## EXERCISE INSTRUCTIONS
Could you set down exactly the lines of the data below, starting at the one that holds "Breathable and Featherlight" and ending at the one that holds "Piercing Nombril Pendentif", both included, and only those?
------ PROVIDED RECORDS
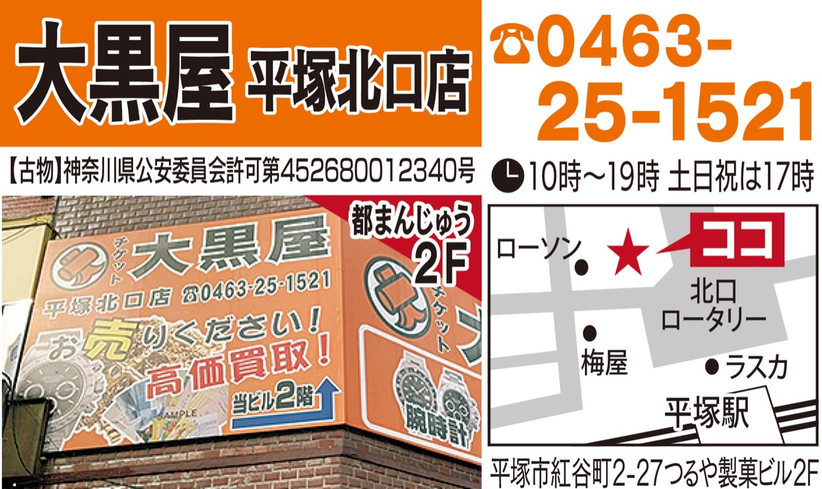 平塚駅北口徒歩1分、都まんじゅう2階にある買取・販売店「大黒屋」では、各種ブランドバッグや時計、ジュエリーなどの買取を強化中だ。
------------
------ PROVIDED RECORDS
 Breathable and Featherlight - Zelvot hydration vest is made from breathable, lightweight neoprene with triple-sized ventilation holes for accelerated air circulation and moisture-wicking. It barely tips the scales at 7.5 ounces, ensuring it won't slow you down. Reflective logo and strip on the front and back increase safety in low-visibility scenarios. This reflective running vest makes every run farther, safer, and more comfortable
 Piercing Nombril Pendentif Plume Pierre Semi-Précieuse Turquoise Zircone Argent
------------
## ANSWER TO THE PROBLEM
 Breathable and Featherlight - Zelvot hydration vest is made from breathable, lightweight neoprene with triple-sized ventilation holes for accelerated air circulation and moisture-wicking. It barely tips the scales at 7.5 ounces, ensuring it won't slow you down. Reflective logo and strip on the front and back increase safety in low-visibility scenarios. This reflective running vest makes every run farther, safer, and more comfortable
 Piercing Nombril Pendentif Plume Pierre Semi-Précieuse Turquoise Zircone Argent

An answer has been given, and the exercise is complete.